Australian scientists have announced a major new finding that helps explain how natural systems like coral reefs and forests maintain the richness of their mix of species.

Their findings have important implications for understanding how humans can better protect biodiversity during one of the worst episodes of species extinction in the Earth’s history.

The research also may help to explain why, in habitats fragmented by human activity, the loss of species can be especially high – despite our best attempts at conservation.

Mathematical modelling by a team from the ARC Centre of Excellence for Coral Reef Studies and James Cook University, published today in the prestigious journal Ecology Letters, identifies the way species disperse across fragmented habitats as one of the keys to biodiversity – and how to preserve it.

'One of the great unanswered questions in ecology for the past 80 years is how species-rich communities like reefs and rainforests maintain their diversity. When resources are limited, you’d expect that the most competitive species would eventually dominate and the others be wiped out,' says lead author Mr Yacov Salomon, now a PhD candidate at the University of Melbourne.

Till now, explanations have focused on what goes on in the habitats themselves.
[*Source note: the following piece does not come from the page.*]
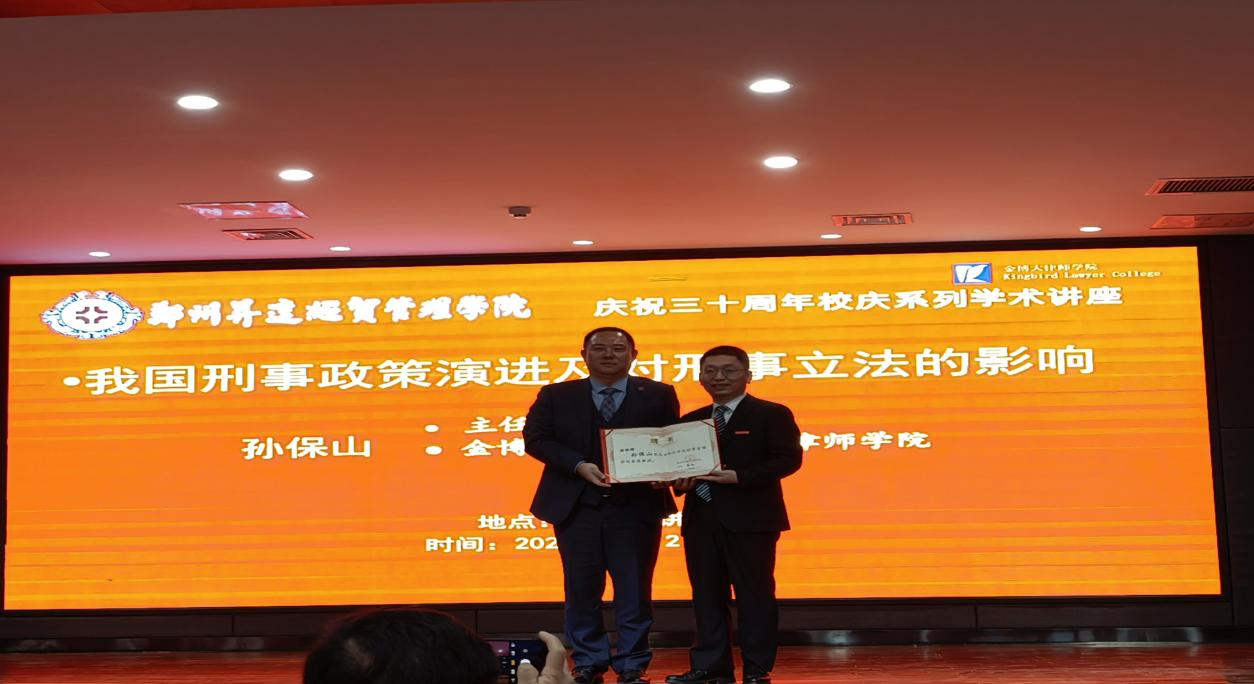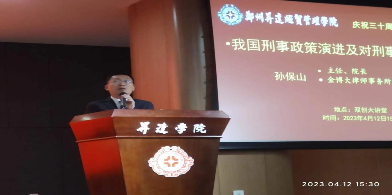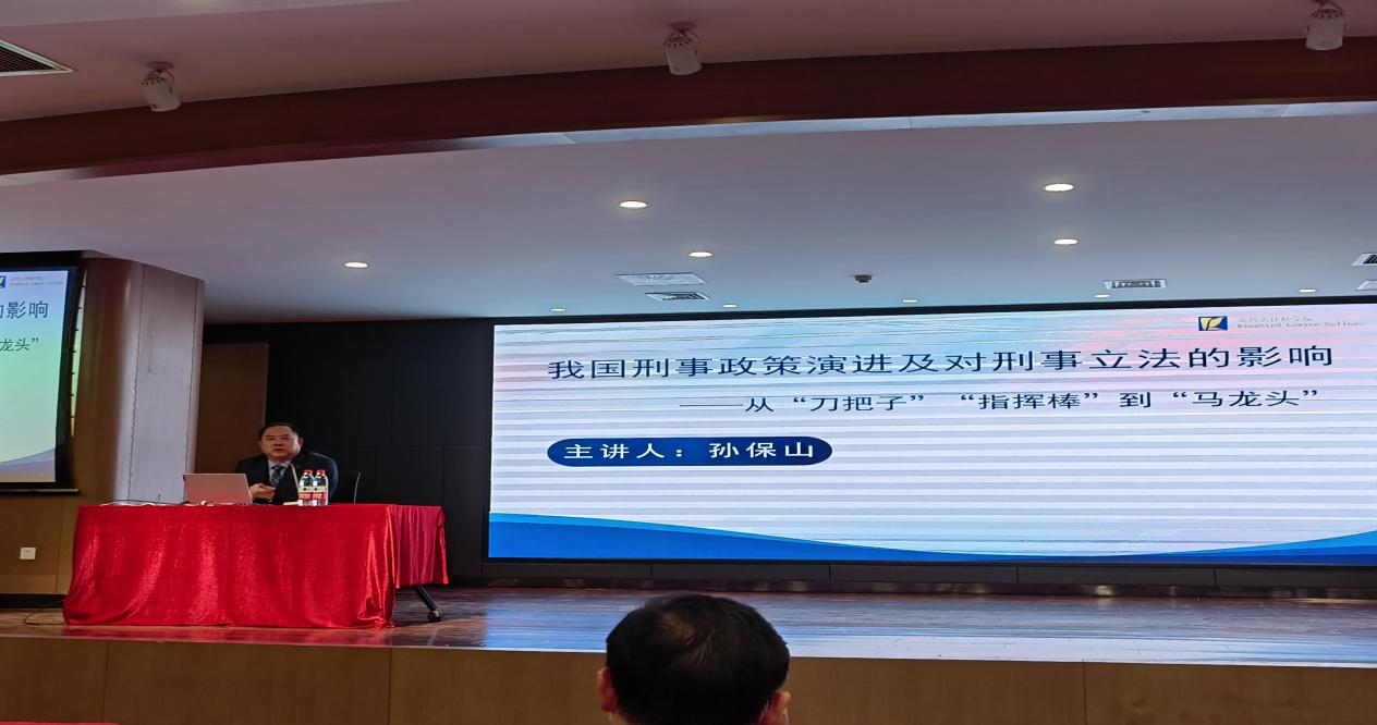 献礼公司三十周年华诞,落实教育系统“八五”普法规划,提升师生法治素养,2023年4月12日下午,太阳集团tyc539特邀河南金博大律师事务所副主任、律师学院经理孙保山主任莅临公司做“我国刑事政策演进及对刑事立法的影响”主题学术报告。

However, in their latest paper, the team argues that the answer lies also in how corals and rainforests spread their offspring across surrounding fragments of available habitat. By dispersing offspring unevenly – on winds, current or carried by other creatures – across patchworks of reefs or forest fragments, the richness of biodiversity is perpetuated.

'We’re basically proposing a novel mechanism by which biodiversity can be maintained, which helps to explain how some of our most marvellous natural systems retain their richness.

'For example, for every reef that receives plenty of offspring from dominant coral types floating in on the current, there will be other reefs that receive fewer offspring from those corals – giving the less competitive species an opportunity to thrive.'

The new theory may also help explain why native bush surrounding Australia’s cities and farms also tends to lose species over time, as growing human impacts further fragment the habitat that helps protect biodiversity and disrupt the process of dispersal of their seeds and offspring.

'There is a practical angle to this idea,' says Professor Sean Connolly, a co-author of the study. 'The take-home message from a conservation standpoint is that losing fragmented habitats is likely to result in greater loss of species than you might otherwise expect.

'The models that scientists currently use to predict biodiversity loss focus on the overall reduction in dispersal between increasingly far-flung habitats. Our study shows that fragmentation also reduces the opportunities for different species to have different dispersal patterns.

'That can mean a double whammy for species that aren’t good competitors: less success dispersing offspring into suitable habitat, and fewer habitats that offer some respite from competitively dominant species.'

'On the flip side, though, it also means that restoring degraded patches of habitat may have greater beneficial effects on biodiversity than we previously thought.'

'The bottom line is that, if your aim is to maintain a rich community of species, like on coral reefs or in rainforests, real-world complexities in dispersal need to be considered.'

According to Mr Salomon, 'Until now, researchers didn’t consider complex dispersal patterns as something that could help explain biodiversity. Our study shows that it can be quite important. That’s what science uses mathematical models for: to uncover the universe of the possible.'

'The next step is to go out and measure how species that compete for scarce resources in nature differ in their dispersal. Those measurements will help us understand just how important this new mechanism is in particular ecosystems, like on the Great Barrier Reef.'

Prof. Connolly says there is a growing consensus that the loss of species worldwide has reached such a pitch it is now comparable to the great mass extinctions of species which occurred in the Earth’s past, the best-known example being the disappearance of the dinosaurs.

'This underlines the importance of finding ways to protect biodiversity as a whole in complex biological systems, like reefs and forests, not just one species at a time' he says.

The paper 'Effects of asymmetric dispersal on the coexistence of competing species' by Yacov Salomon, Sean Connolly and Lance Bode appears in the current issue of Ecology Letters online.